Croatian fascist commander

Mijo Babić (1 September 1903 – 3 July 1941), also known as Mijo Kralj, nicknamed Giovanni, was a deputy of the Croatian fascist dictator Ante Pavelić, and the first commander of all concentration camps in the Independent State of Croatia. He was head of the Third Bureau of the Ustasha Surveillance Service (Ustaška nadzorna služba—UNS), and was also a member of the main Ustaše headquarters, one of the two main deputies of Pavelić.

==Murder of Toni Šlegel==
On 22 March 1929, Babić, Zvonimir Pospišil, Marko Hranilović, Matija Soldin murdered Toni Šlegel, the chief editor of Novosti and president of Jugoslovenska štampa, in Zagreb. At that time, Babić was a chauffeur for the Siemens plant in Zagreb and, according to official reports, he murdered one and wounded another of the policemen who came to arrest him, and managed to escape. The order to kill Šlegel came from Pavelić, who suspected that he was an informant. Publicly, he maintained that the murder had been committed by assassins from Belgrade. Hranilović and Soldin were both arrested, convicted of murder, and executed by hanging. Stjepan Javor, the leader of the Croatian Rights Youth, the nationalist organization in which the assassins were members was sentenced to 20 years in prison; he died in prison in 1936. Following their arrests, a number of terrorist attacks took place in Zagreb, including an incident in which a police station was bombed.

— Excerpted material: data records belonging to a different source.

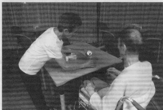
『居酒屋さくら』 「一杯どうぞ」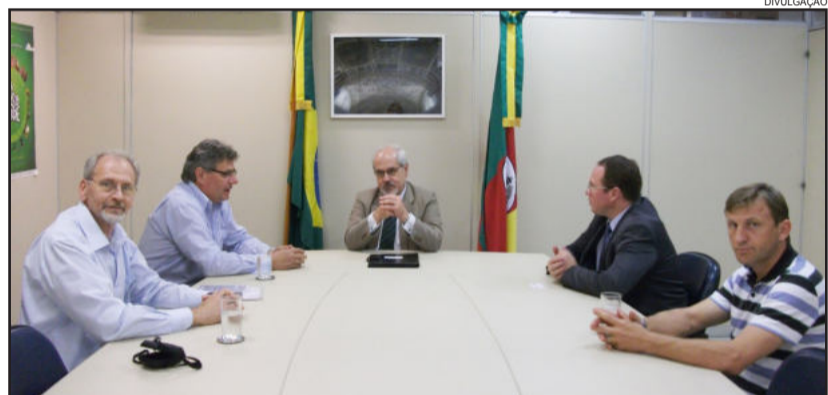
Comitiva apresentou projeto do IHU ao secretário estadual de Cultura (c)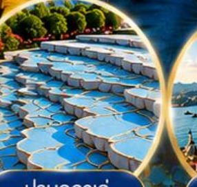
ปานุกคาล์ Pamukkale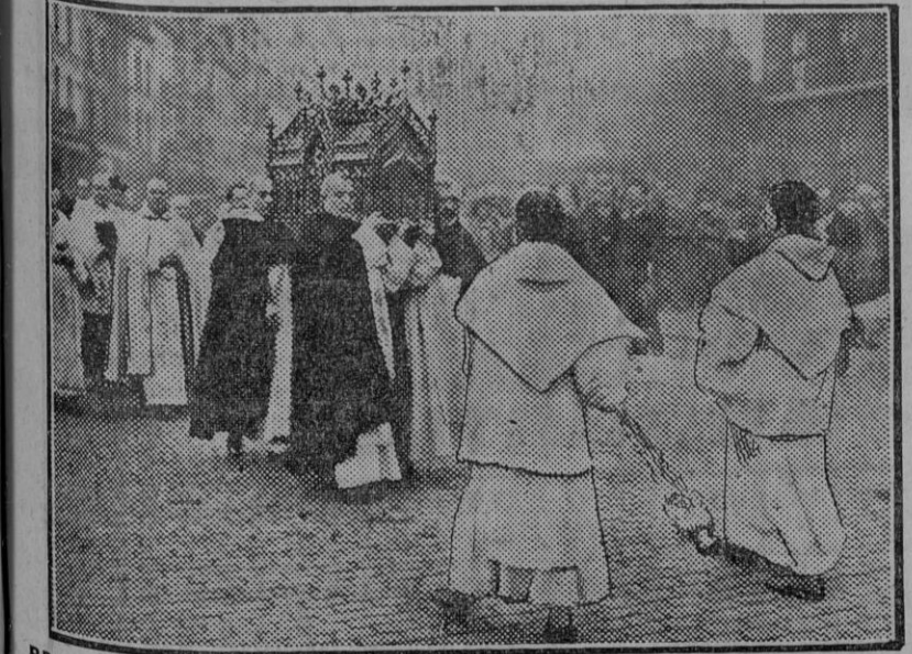
Reorganización de la Transatlántica francesa. Bruselas.—Los restos de San Alberto el Grande que, procedentes de Colonia, llegaron a dicha capital en procesión y a hombros de los padres dominicos, a quienes han sido confiados.

Berlín.—La Agencia Central anuncia que el cambio de Gabinete en Alemania no influirá para nada en la política exterior según por dicho país. Dicha agencia añade que, en efecto, el barón von Neurath continuará casi seguramente al frente del departamento de Negocios Extranjeros, sea cual fuere la composición del nuevo Gobierno.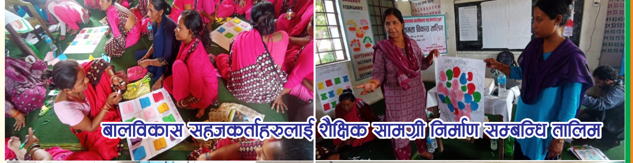
बालविकास सहजकर्ताहरूलाई शैक्षिक सामग्री निर्माण सम्बन्धि तालिम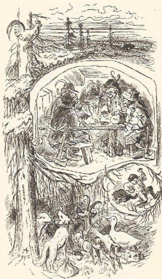
23. Zvířátka a Petrovští (národní pohádka), kresba perem, 1903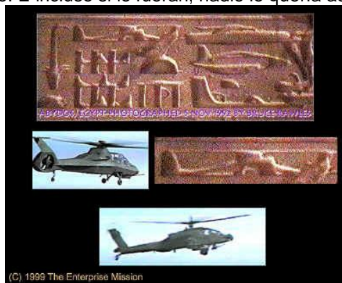
Figura 7-12. Aquí están los jeroglíficos antiguos que muestran claramente que los antiguos ya habían inventado buena parte de la maquinaria y las tecnologías que tenemos hoy. Este jeroglífico muestra un helicóptero, un avión Sirio y algún tipo de vehículo utilizado en el suelo.

Y, por supuesto, las guerras estallaron, y conflictos fueron creados. Algunos de los "habitantes profundos" afirmaban que aquellos que vivían en la superficie de la tierra eran intrusos y su propia especie era la heredera legítima del planeta, algo que divirtió a algunos de los seres humanos, mientras que otros se sintieron insultados. Nadie, sin embargo, se tomó el tiempo para averiguar si los habitantes de las profundidades eran correctos o no. E incluso si lo fueran, nadie lo quería admitir, de todos modos.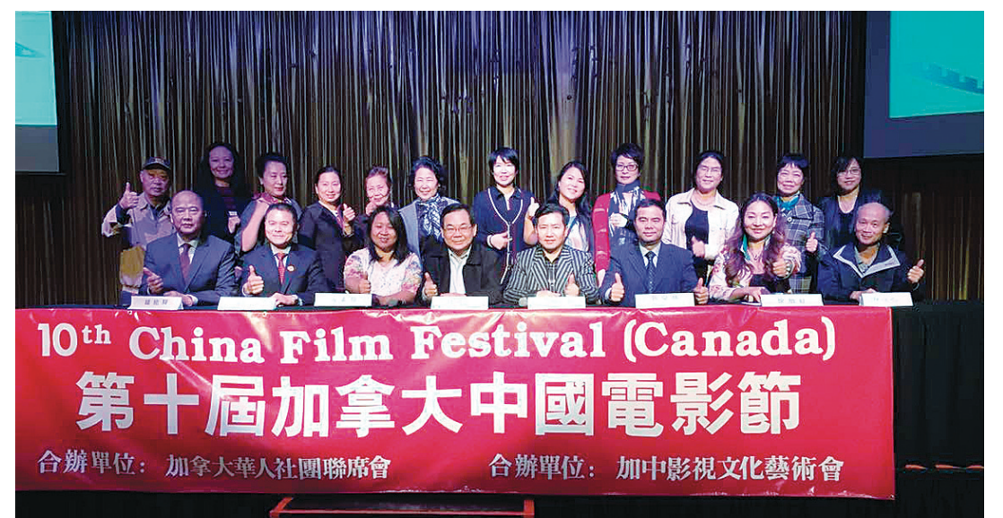
主辦方邀請民眾，前往觀看中國電影節展映的影片。(主辦方提供)

《浪迹天涯》票價自45元起，訂票請登錄太陽馬戲團官網： www.cirquedusoleil.com/kooza 或致電中文訂票熱線：1-877-850-6921。

Babić fled to Italy where he stayed until Yugoslavia's entry into World War II. Italian police considered Babić a very dangerous man who was capable of the worst crimes.

==Planning==
While he was in Italy, the Ustaše spent years planning for a genocidal campaign in their native country and trained a small band of followers for a takeover. As early as 1932, Babić, as one of the propagandists of Pavelić, had written:
When blood starts to spill it will gush in streams ... the blood of the enemy will turn into gushes and rivers, and bombs will scatter their bones like the wind ... every Ustasha is poised ... to ... cleanse and cut whatever is rotten from the healthy body of the Croatian people.
 Babić became one of Pavelić's most trusted confidantes. During their exile in Lipari, he killed twenty men suspected of being disloyal to the Ustaše leader. In January 1938, the Italian authorities intercepted a letter addressed to Pavelić from Babić and Ljubomir Kremzir outlining a plan to secretly return to Yugoslavia and carry out various terrorist attacks—including the assassinations of prime minister Milan Stojadinović and prince regent Paul—with the aim to "trigger the revolution in Croatia".

==Concentration camps==
Babić participated in preparations for the establishment of Danica concentration camp.
At the end of May or beginning of June 1941, he went to Pag island, based on the order of Andrija Artuković, where he established Slana concentration camp. Babić also organized the Kruščica concentration camp near Travnik.

==Blagaj massacre==

Babić had an important role in the Blagaj massacre on 9 May 1941. Against Pavelić's order, Babić brought several trucks of Ustaše from Zagreb to massacre 520 Serb peasants in the region of Kordun, where they had lived together with Croats for many centuries.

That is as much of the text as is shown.